**What you have to do**
At the line containing "上午9点40分,杨振宁和翁帆", begin an exact copy of the lines below and continue through the final one, with no pictures.

**The data**
++++++++++++++++++++

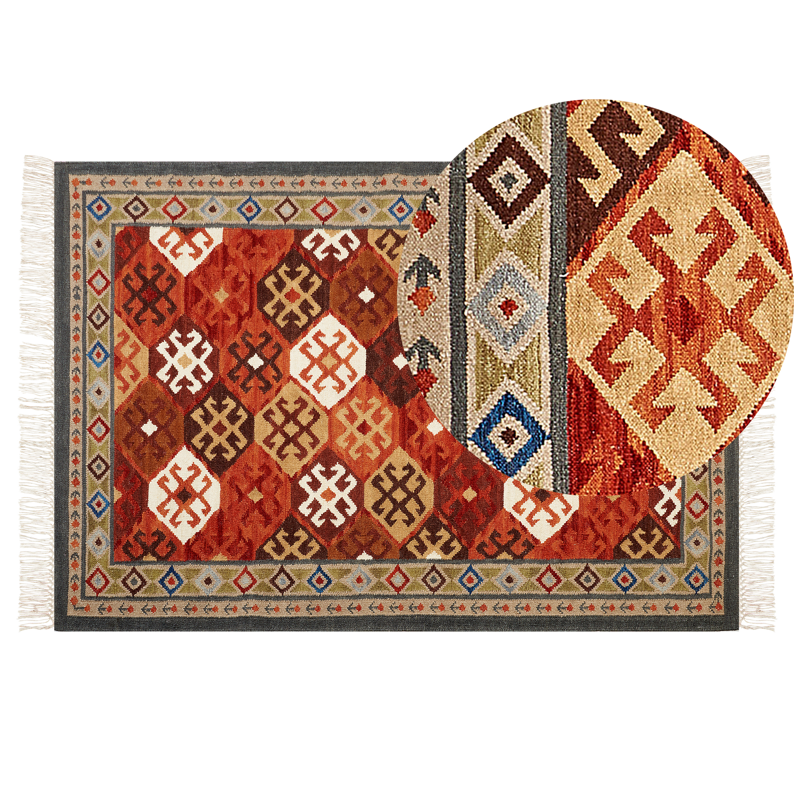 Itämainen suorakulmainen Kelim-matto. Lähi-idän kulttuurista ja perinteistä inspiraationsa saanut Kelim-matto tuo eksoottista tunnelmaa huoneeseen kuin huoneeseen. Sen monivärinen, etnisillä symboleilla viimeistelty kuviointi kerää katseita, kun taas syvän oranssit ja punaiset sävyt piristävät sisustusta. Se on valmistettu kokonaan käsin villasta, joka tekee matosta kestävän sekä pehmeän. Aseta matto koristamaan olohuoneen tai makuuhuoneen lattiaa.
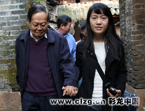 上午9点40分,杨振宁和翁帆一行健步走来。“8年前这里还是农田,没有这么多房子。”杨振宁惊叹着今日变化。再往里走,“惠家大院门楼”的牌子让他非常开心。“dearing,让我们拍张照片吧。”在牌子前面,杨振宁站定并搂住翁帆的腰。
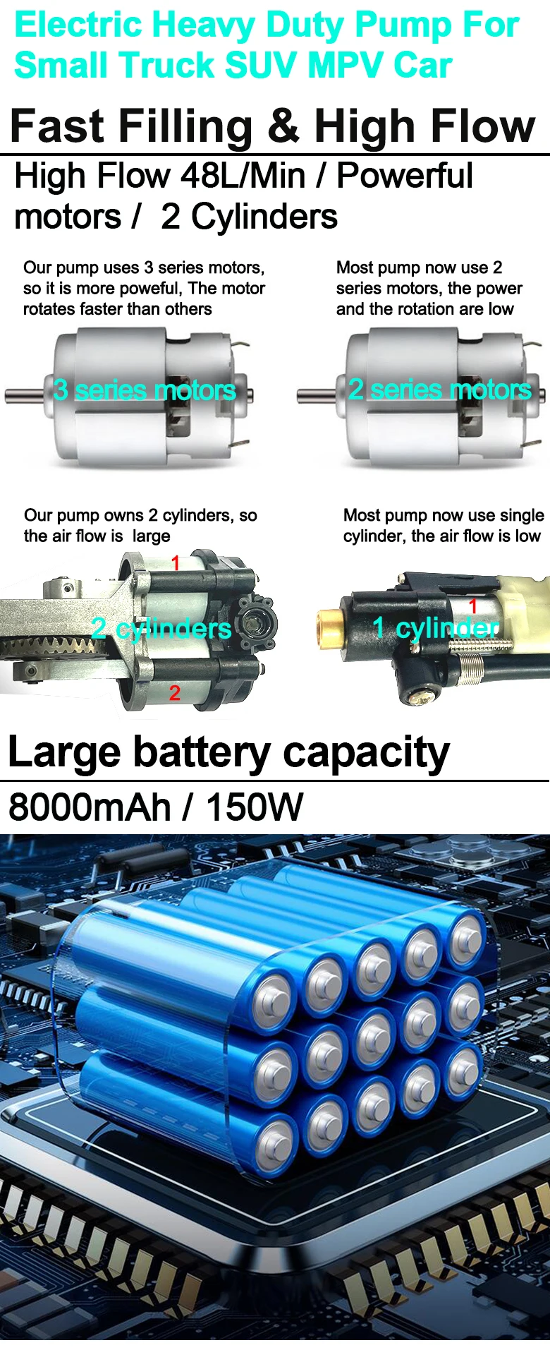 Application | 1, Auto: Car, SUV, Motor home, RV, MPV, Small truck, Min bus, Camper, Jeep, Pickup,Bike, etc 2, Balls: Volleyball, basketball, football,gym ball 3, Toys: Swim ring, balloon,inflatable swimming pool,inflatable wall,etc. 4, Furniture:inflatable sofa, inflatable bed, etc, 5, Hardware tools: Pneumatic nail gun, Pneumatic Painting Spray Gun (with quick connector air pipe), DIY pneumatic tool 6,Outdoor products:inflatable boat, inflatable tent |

++++++++++++++++++++

**Written solution**
 上午9点40分,杨振宁和翁帆一行健步走来。“8年前这里还是农田,没有这么多房子。”杨振宁惊叹着今日变化。再往里走,“惠家大院门楼”的牌子让他非常开心。“dearing,让我们拍张照片吧。”在牌子前面,杨振宁站定并搂住翁帆的腰。
 Application | 1, Auto: Car, SUV, Motor home, RV, MPV, Small truck, Min bus, Camper, Jeep, Pickup,Bike, etc 2, Balls: Volleyball, basketball, football,gym ball 3, Toys: Swim ring, balloon,inflatable swimming pool,inflatable wall,etc. 4, Furniture:inflatable sofa, inflatable bed, etc, 5, Hardware tools: Pneumatic nail gun, Pneumatic Painting Spray Gun (with quick connector air pipe), DIY pneumatic tool 6,Outdoor products:inflatable boat, inflatable tent |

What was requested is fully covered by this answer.